What you will do
The following data has a line with "Victoria-British Columbia, Canada." and a line with "Camiseta oversize unisex". Write out exactly those lines and all the lines between them.

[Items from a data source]
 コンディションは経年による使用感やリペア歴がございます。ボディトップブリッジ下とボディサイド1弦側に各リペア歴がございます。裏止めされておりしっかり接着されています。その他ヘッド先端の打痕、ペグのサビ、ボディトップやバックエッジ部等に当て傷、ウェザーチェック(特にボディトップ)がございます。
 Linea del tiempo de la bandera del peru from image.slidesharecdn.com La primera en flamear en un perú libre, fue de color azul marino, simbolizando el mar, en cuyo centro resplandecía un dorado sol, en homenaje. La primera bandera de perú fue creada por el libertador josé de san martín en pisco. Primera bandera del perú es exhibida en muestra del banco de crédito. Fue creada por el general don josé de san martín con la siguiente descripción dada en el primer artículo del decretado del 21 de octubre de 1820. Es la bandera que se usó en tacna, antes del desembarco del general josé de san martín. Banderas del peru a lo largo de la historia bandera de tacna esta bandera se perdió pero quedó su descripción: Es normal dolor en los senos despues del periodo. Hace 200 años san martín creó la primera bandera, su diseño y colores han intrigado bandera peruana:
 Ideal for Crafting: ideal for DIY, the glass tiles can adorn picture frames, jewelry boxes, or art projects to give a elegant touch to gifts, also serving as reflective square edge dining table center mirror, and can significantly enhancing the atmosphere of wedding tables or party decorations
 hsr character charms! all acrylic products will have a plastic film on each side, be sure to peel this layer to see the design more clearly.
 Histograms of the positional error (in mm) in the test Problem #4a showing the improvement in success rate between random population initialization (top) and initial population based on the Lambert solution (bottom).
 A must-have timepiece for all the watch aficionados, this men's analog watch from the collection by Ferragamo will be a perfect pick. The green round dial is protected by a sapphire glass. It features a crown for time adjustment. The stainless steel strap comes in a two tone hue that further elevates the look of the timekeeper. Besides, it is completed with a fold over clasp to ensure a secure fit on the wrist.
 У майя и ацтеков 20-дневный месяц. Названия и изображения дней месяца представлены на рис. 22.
* * *
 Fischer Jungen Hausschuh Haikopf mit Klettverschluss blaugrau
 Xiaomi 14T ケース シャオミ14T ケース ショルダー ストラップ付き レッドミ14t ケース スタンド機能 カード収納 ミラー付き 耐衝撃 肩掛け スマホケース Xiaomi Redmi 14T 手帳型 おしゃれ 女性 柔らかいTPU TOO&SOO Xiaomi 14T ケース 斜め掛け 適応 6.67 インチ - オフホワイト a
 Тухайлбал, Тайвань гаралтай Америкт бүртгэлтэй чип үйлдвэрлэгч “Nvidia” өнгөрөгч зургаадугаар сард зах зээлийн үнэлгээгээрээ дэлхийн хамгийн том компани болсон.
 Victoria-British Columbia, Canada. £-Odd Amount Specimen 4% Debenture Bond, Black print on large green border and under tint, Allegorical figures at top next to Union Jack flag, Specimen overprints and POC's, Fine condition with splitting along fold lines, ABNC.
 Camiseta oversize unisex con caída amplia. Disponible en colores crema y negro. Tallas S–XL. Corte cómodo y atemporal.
==
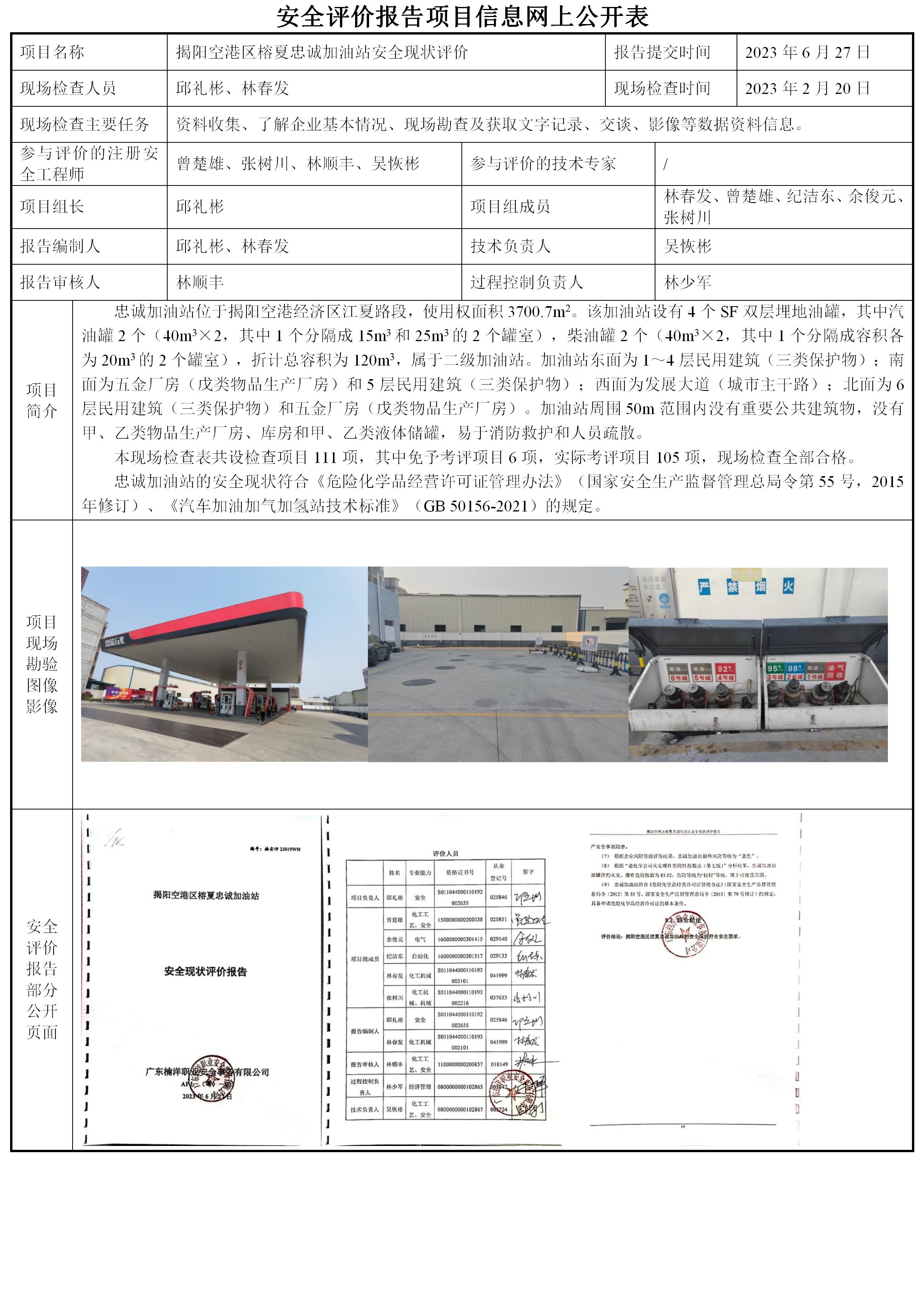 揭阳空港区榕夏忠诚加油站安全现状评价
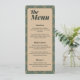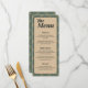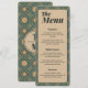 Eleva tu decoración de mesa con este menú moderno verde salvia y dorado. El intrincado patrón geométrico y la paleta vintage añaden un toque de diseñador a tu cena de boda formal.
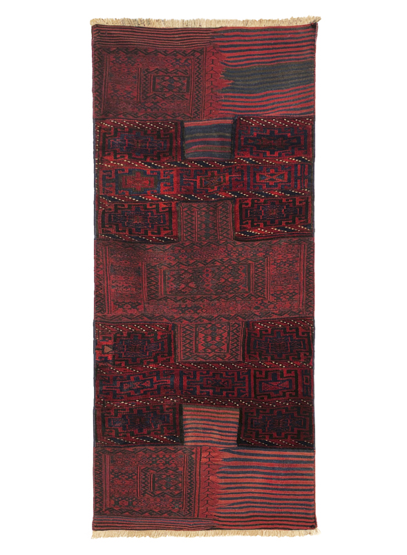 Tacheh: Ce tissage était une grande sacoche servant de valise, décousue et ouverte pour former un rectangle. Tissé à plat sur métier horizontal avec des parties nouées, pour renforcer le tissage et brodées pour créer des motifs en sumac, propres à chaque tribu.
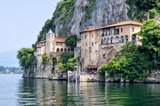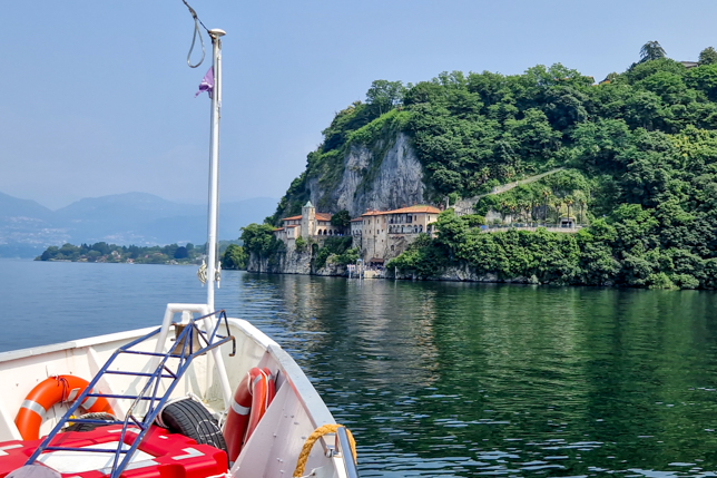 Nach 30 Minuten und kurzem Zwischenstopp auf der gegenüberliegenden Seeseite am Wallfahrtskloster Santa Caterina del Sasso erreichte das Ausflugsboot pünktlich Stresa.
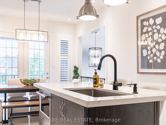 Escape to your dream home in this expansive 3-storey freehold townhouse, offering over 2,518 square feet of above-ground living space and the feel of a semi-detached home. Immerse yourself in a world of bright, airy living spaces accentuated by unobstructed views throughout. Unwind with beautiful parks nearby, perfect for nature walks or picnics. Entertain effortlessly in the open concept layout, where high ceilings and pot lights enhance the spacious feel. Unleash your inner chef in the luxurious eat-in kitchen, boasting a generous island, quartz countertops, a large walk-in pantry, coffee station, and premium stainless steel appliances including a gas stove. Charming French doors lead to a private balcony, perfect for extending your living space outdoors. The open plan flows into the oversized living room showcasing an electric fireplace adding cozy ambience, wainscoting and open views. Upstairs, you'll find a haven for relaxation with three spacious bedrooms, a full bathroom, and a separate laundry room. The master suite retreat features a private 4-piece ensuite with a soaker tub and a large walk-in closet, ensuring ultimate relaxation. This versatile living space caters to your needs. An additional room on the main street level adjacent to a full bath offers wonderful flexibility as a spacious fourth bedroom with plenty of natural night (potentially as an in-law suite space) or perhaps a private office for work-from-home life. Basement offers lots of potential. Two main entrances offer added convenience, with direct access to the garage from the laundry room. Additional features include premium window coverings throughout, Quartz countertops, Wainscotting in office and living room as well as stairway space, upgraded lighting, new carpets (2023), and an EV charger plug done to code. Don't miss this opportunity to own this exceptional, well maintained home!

Reply
 Victoria-British Columbia, Canada. £-Odd Amount Specimen 4% Debenture Bond, Black print on large green border and under tint, Allegorical figures at top next to Union Jack flag, Specimen overprints and POC's, Fine condition with splitting along fold lines, ABNC.
 Camiseta oversize unisex con caída amplia. Disponible en colores crema y negro. Tallas S–XL. Corte cómodo y atemporal.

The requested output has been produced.